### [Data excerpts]
====

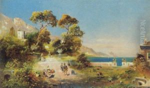 Peasants Strolling In A Coastal Landscape
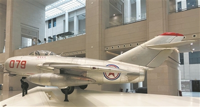 在中国人民革命军事博物馆兵器馆里,陈列着一架编号为079的银灰色战鹰,它就是著名战斗英雄王海驾驶过的米格-15歼击机。
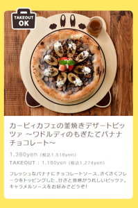 私が頼んだのはデザートピッツァのバナナチョコレートです(^^♪薄いピザ生地ですが、生地の真ん中はもちもちして、表面はパリッとしています。その上にはチョコソースにコーンフレーク、バナナ、ホイップ、イチゴ、ミントがのっていてるのですが、イチゴの酸味とミントの爽やかな味が良いアクセントになっていて、ただ甘いだけではないのでペロッと食べてしまいました\(^▽^)/
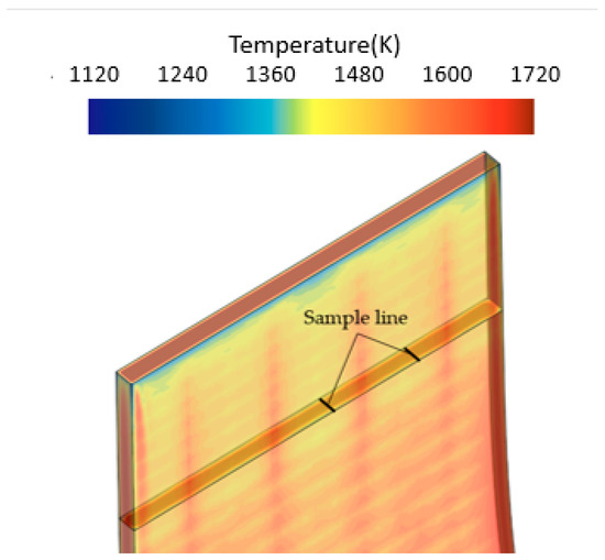 This study evaluated how nozzle clogging affects surface temperature. Specifically, Figure 9 and Figure 10 show the surface temperature at the centerline and sample line, while Figure 11 captures the temperature difference. Nozzle clogging typically leads to an increase in surface temperature, with the most significant rise occurring at the clogging location. A noticeable temperature increase can be observed in the next 3 to 4 rows of nozzles, with even higher temperatures seen outside the spray region. From the clogging location to the end of the secondary cooling zone, there is a slight increase in temperature along both the centerline and sample line. Similar trends are observed in Figure 9a,b and Figure 10a,b. Figure 10a illustrates the temperature distribution along the sample line under longitudinal clogging scenarios, where no nozzles are clogged on the sample line itself, however, a slight temperature increase is still observed. Similarly, in Figure 10b, the temperature with two nozzles clogged transversely is higher than with a single nozzle clogged at the edge. These observations reflect the impact of nozzle clogging on transverse heat transfer. While Figure 9 and Figure 10 provide detailed insights into the temperature variations along specific lines on front face, Figure 11 offers a comprehensive visualization of the temperature differences across the surface. As shown in Figure 11, single nozzle clogging at the center results in a temperature difference of up to 100 K, with the temperature increase concentrated in the center region, where the nozzle is clogged. In Figure 11b, single nozzle clogging at the edge also leads to a temperature rise of up to 100 K, but this increase is concentrated at the edge. Figure 11c,d illustrate the case of double nozzle clogging; if another nozzle clogs along the downstream path, the surface may reheat by up to 120 K. In the secondary cooling of continuous casting, it is recommended by Kulkarni and Babu [37] to limit surface reheating to a maximum of 100 K. However, instances of nozzle clogging can lead to reheating levels that exceed this threshold, which is likely to introduce various issues, including potential adverse effects on the quality and structural integrity of the cast product. Additionally, nozzle clogging can lead to increased water flow rate through other nozzles, which also disrupts the transverse uniformity of heat transfer. Figure 12 shows the temperature distribution on the cross-section at the clogging position, with the sampling lines indicated as shown in Figure 13. It can be seen from the figure that the nozzle’s influence depth is approximately 0.015 m. The steel in the center of the slab maintains a superheat of 32 K, and the surface heat conduction is not affected. The temperature gradient within the mushy and solid regions is nearly linear, resulting from heat conduction being the dominant mechanism in these areas.
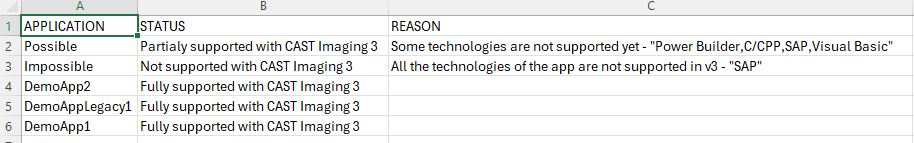 Some technologies that are fully supported in v2 are not (yet) supported in CAST Imaging v3 - you can see a list here. To help you decide whether you can migrate your applications, CAST’s backup and migration tools can be run in “test” mode with results output to a report. The report provides key information about your applications and their eligibility for migration (i.e. whether they contain unsupported technologies and whether they can be migrated or not) - this is explained below. CAST highly recommends that you use the “test” mode BEFORE you embark on a real migration.

====

### [To do]
Your answer must be an exact copy of the lines from the start of the entries through the line with "私が頼んだのはデザートピッツ", with no pictures.

### [Output of the task]
 Peasants Strolling In A Coastal Landscape
 在中国人民革命军事博物馆兵器馆里,陈列着一架编号为079的银灰色战鹰,它就是著名战斗英雄王海驾驶过的米格-15歼击机。
 私が頼んだのはデザートピッツァのバナナチョコレートです(^^♪薄いピザ生地ですが、生地の真ん中はもちもちして、表面はパリッとしています。その上にはチョコソースにコーンフレーク、バナナ、ホイップ、イチゴ、ミントがのっていてるのですが、イチゴの酸味とミントの爽やかな味が良いアクセントになっていて、ただ甘いだけではないのでペロッと食べてしまいました\(^▽^)/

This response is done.